**Problem to work on**
Do not include the pictures; repeat the rest of the data exactly.

**Provided material**

╭──

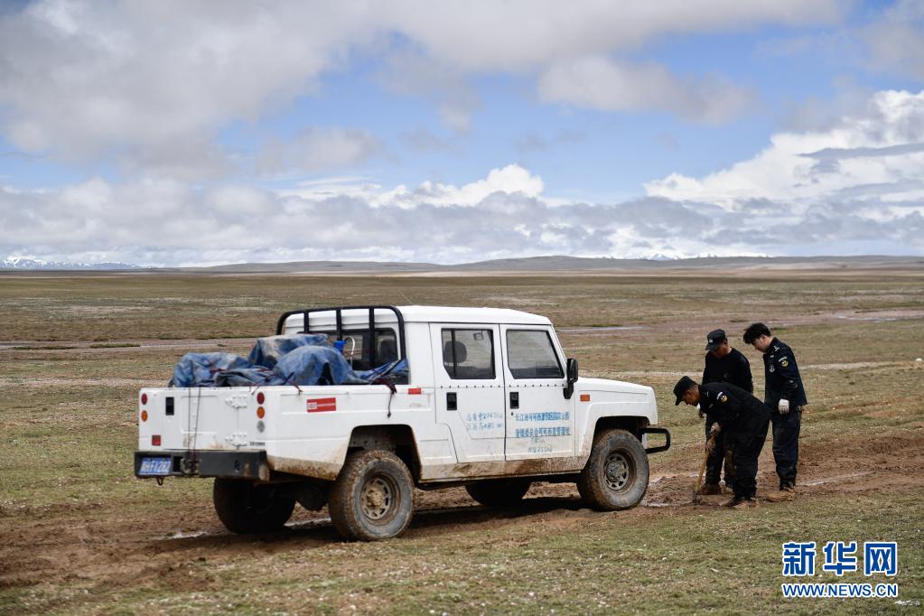 在前往可可西里卓乃湖保護(hù)站途中,巡山隊(duì)員將車輛移出泥坑(2020年7月6日攝)。新華社 張龍 攝
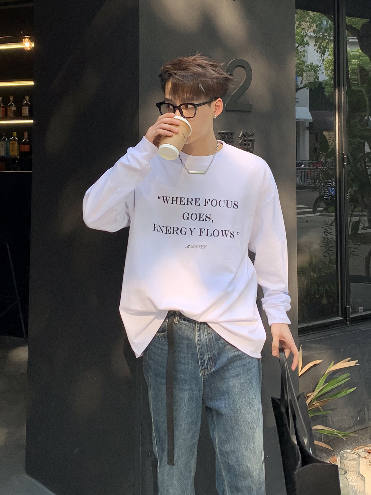 长袖 PLTH T恤男女街头ins风情侣款 潮牌白色自制logo韩版 春季
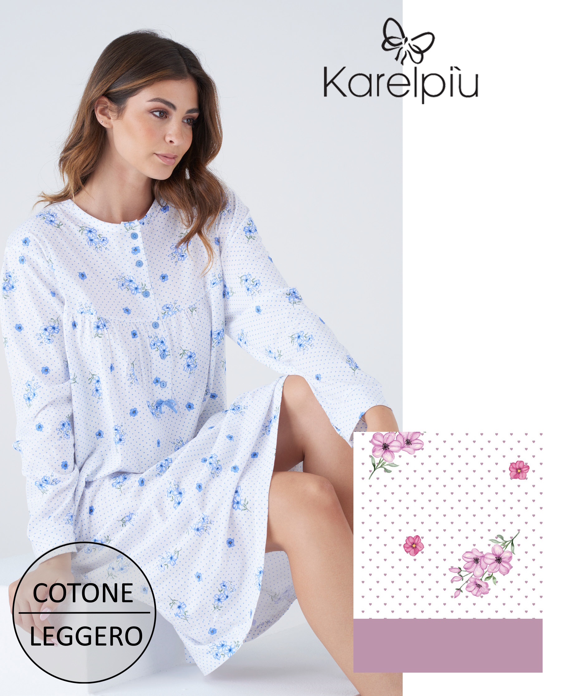Camicia da notte donna manica lunga KARELPIU’ ART. KC8016 in PURO COTONE, fantasia e colori come foto.

╰──

**Written reply**
 在前往可可西里卓乃湖保護(hù)站途中,巡山隊(duì)員將車輛移出泥坑(2020年7月6日攝)。新華社 張龍 攝
 长袖 PLTH T恤男女街头ins风情侣款 潮牌白色自制logo韩版 春季
Camicia da notte donna manica lunga KARELPIU’ ART. KC8016 in PURO COTONE, fantasia e colori come foto.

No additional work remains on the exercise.